At the time of writing, the investment thesis was sound. The company had an impressive history of growing the business and earnings estimates pointed to growth in the mid-teens. Sierra Wireless was guiding to 12% growth in the fourth quarter.
What happened next caught everyone off guard.
There is no way to sugarcoat Sierra’s performance. It was an absolute disaster of an earnings report.
Let’s start with the basics. Earnings missed on the top and bottom lines; earnings of $0.25 per share missed by a penny and revenue of $201.4 million missed by $3.52 million. Revenue grew by 10% year over year, while earnings dropped by the same percentage.

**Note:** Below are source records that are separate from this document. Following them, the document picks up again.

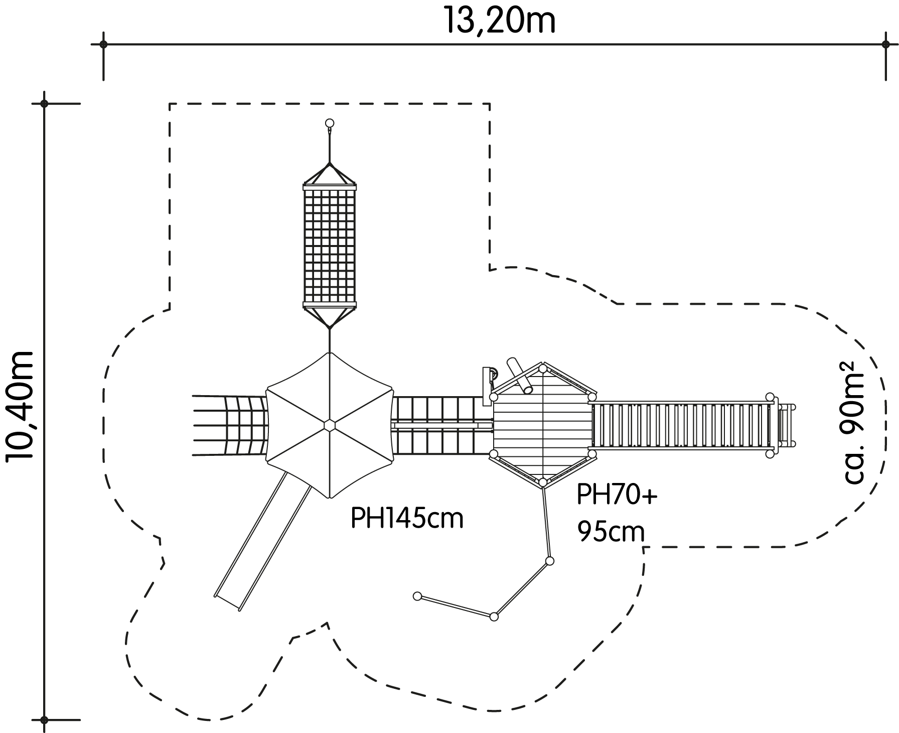 | Sicherheitsbereich mind.: | 1320 cm x 1040 cm / 90 m² |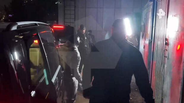 На кадрах видно, как музыкант, в сопровождении личной охраны, выходит из черного Mercedes V-Class.
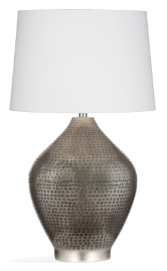 The Lyndler Table Lamp has an antique nickel finish with a tapered white cotton shade. The hand crafted details produced by a skilled artist lends itself to a unique technique and will vary slightly.Read More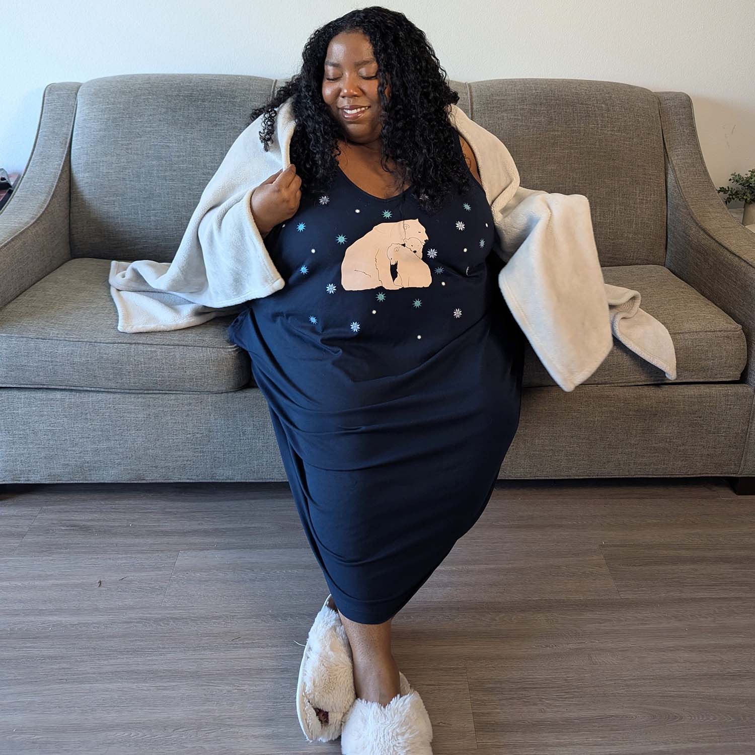 Snuggle up with frosty friends in the super comfy short night dress! The adorable polar bear and snowflake print is on a navy blue base. Made from 95% organic cotton with a hint of elastane, this night dress is soft, breathable, and comfortable.

Although disappointing, the quarterly underperformance was not the reason for its 25% post-earnings drop.
At the heart of Sierra’s stock price crash is the poor guidance. Poor is actually an understatement. The company guided to flat revenue growth in 2019, whereas analysts were expecting high single digits on average. Flat revenue growth is unacceptable.
The company operates in one of the fastest-growing sectors: the Internet of Things (IoT). In fact, it is one of the only pure plays in the sector and touts itself as an industry leader. Flat revenue growth is a significant warning sign, and one that came out of the blue.
To make matters worse, it also guided to negative earnings growth with earnings per share of $0.30 and adjusted earnings before interest, taxes, depreciation, and amortization (EBITDA) of $34 million. In comparison, analysts were expecting earnings of $1.20 per share and EBITDA of $69.6 million. Ouch.
Simply put, management has failed to execute. The company attributes weakness in the auto, enterprise networking, and mobile computing segments as the source of issues. As a result, it intends to embark on a significant cost-cutting program over the next 18-24 months.
This is no consolation and is a reflection of poor execution. The IoT market is expected to hit $19 trillion and 65% of companies are expected to adopt IoT devices by 2020. This is almost double the number from today.
My previous investment thesis was predicated on the company’s position as a leading IoT company. It operates in a high-growth market and it was expected to post double-digit growth well into the future. Although Sierra stock has since rebounded, the growth story has evaporated. Failure to execute has also led to significant trust issues. Take a pass on Sierra; there are better tech plays with impressive growth rates and reliable execution.